Records from a collection

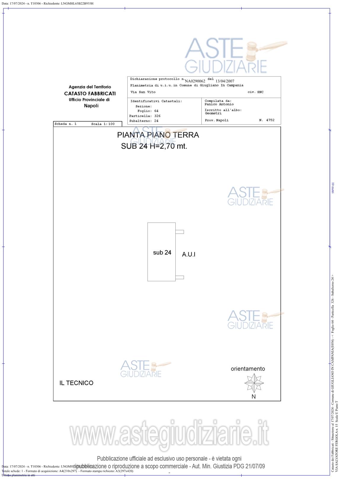 Custode Giudiziario: Dott. Salvatore Russo - Email "studiorusso4@gmail.com"; Tel. 081/8031586.
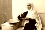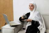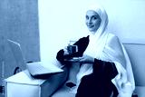 A beautiful young Muslim woman drinks tea while working on a laptop
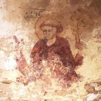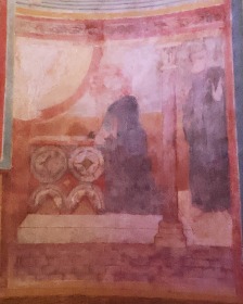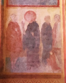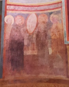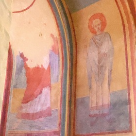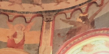 アプスの入り口付近には、丈の短いチュニカを着て、首を垂れて祈るような姿勢をしている2人の人物が描かれています。 A l''entrée de l'abside sont visibles deux personnages vêtus de tuniques courtes, la tête inclinée dans une posture évoquant la prière. |
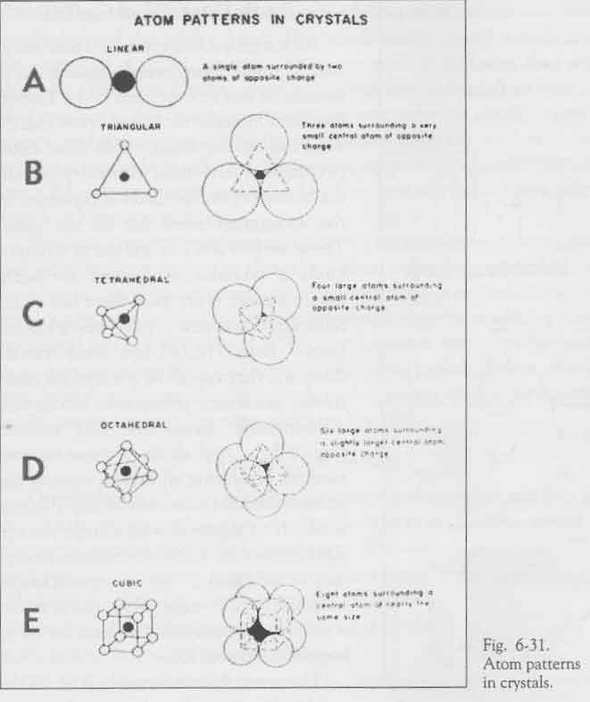 Рис.6-31 показывает, как атомы сочетаются. Это были главные модели, известные долгое время, до тех пор, пока не обнаружили существование квази-кристаллов. В этой таблице показаны различные разновидности атомов. Буква А показывает линейную модель с меньшим атомом в середине. Буква В показывает треугольную модель из трёх с меньшим атомом в середине. Маленький атом на самом деле может здесь быть или отсутствовать. Буква С показывает тетраэдральную модель, с одним атомом в середине или без него. Буква D показывает октаэдральную модель и буква Е показывает кубическую модель. Теперь, благодаря новой научной информации, мы можем добавить икосаэдральную и додекаэдральную модели.
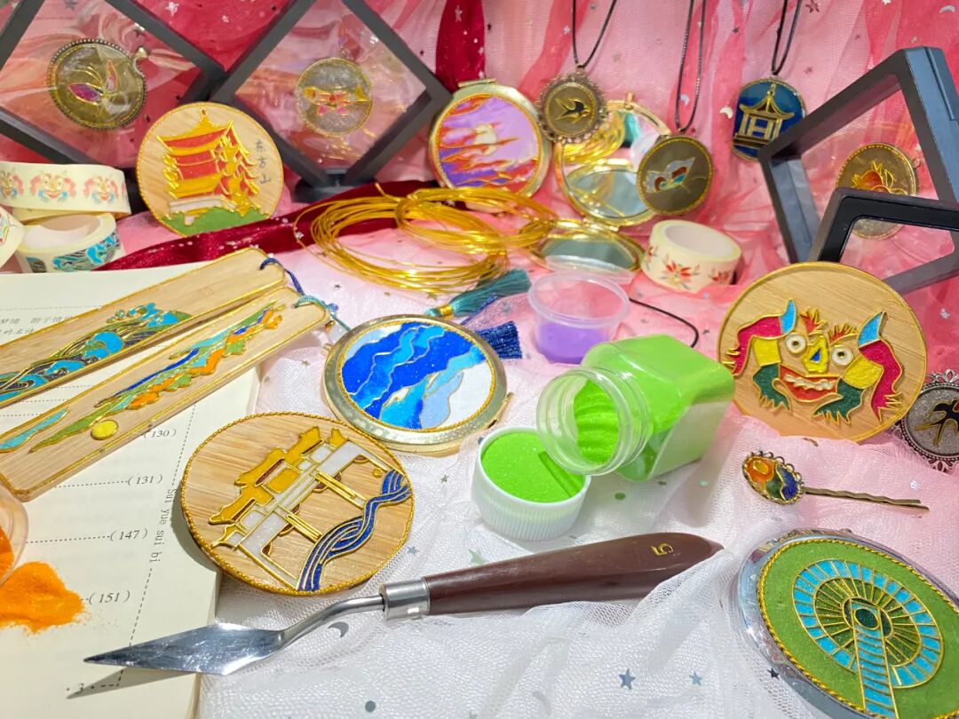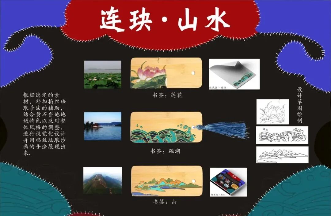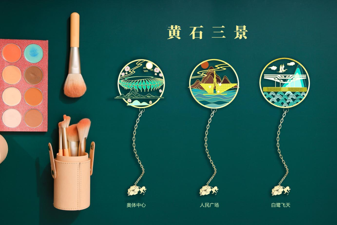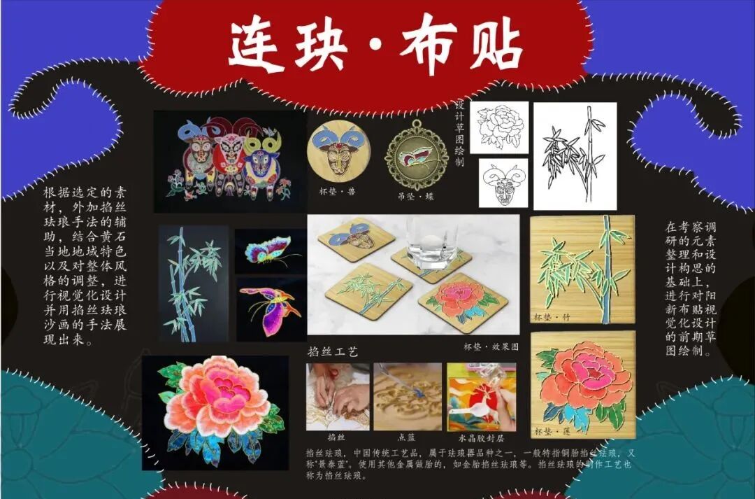 作品说明:连玦是掐丝景泰蓝,是一种工艺品,我们以黄石的风景,建筑,市花等各种元素进行了制作。合-感知系列是以阳新布贴的纹样,元素展开的设计,因为阳新布贴是国家级非物质文化遗产,我们提取黄石文化中的一个重点进行的再设计,属于文创系列产品。

Aim of the task
Print verbatim every line above, apart from the pictures.

The completed task
 Custode Giudiziario: Dott. Salvatore Russo - Email "studiorusso4@gmail.com"; Tel. 081/8031586.
 A beautiful young Muslim woman drinks tea while working on a laptop
 アプスの入り口付近には、丈の短いチュニカを着て、首を垂れて祈るような姿勢をしている2人の人物が描かれています。 A l''entrée de l'abside sont visibles deux personnages vêtus de tuniques courtes, la tête inclinée dans une posture évoquant la prière. |
 Рис.6-31 показывает, как атомы сочетаются. Это были главные модели, известные долгое время, до тех пор, пока не обнаружили существование квази-кристаллов. В этой таблице показаны различные разновидности атомов. Буква А показывает линейную модель с меньшим атомом в середине. Буква В показывает треугольную модель из трёх с меньшим атомом в середине. Маленький атом на самом деле может здесь быть или отсутствовать. Буква С показывает тетраэдральную модель, с одним атомом в середине или без него. Буква D показывает октаэдральную модель и буква Е показывает кубическую модель. Теперь, благодаря новой научной информации, мы можем добавить икосаэдральную и додекаэдральную модели.
 作品说明:连玦是掐丝景泰蓝,是一种工艺品,我们以黄石的风景,建筑,市花等各种元素进行了制作。合-感知系列是以阳新布贴的纹样,元素展开的设计,因为阳新布贴是国家级非物质文化遗产,我们提取黄石文化中的一个重点进行的再设计,属于文创系列产品。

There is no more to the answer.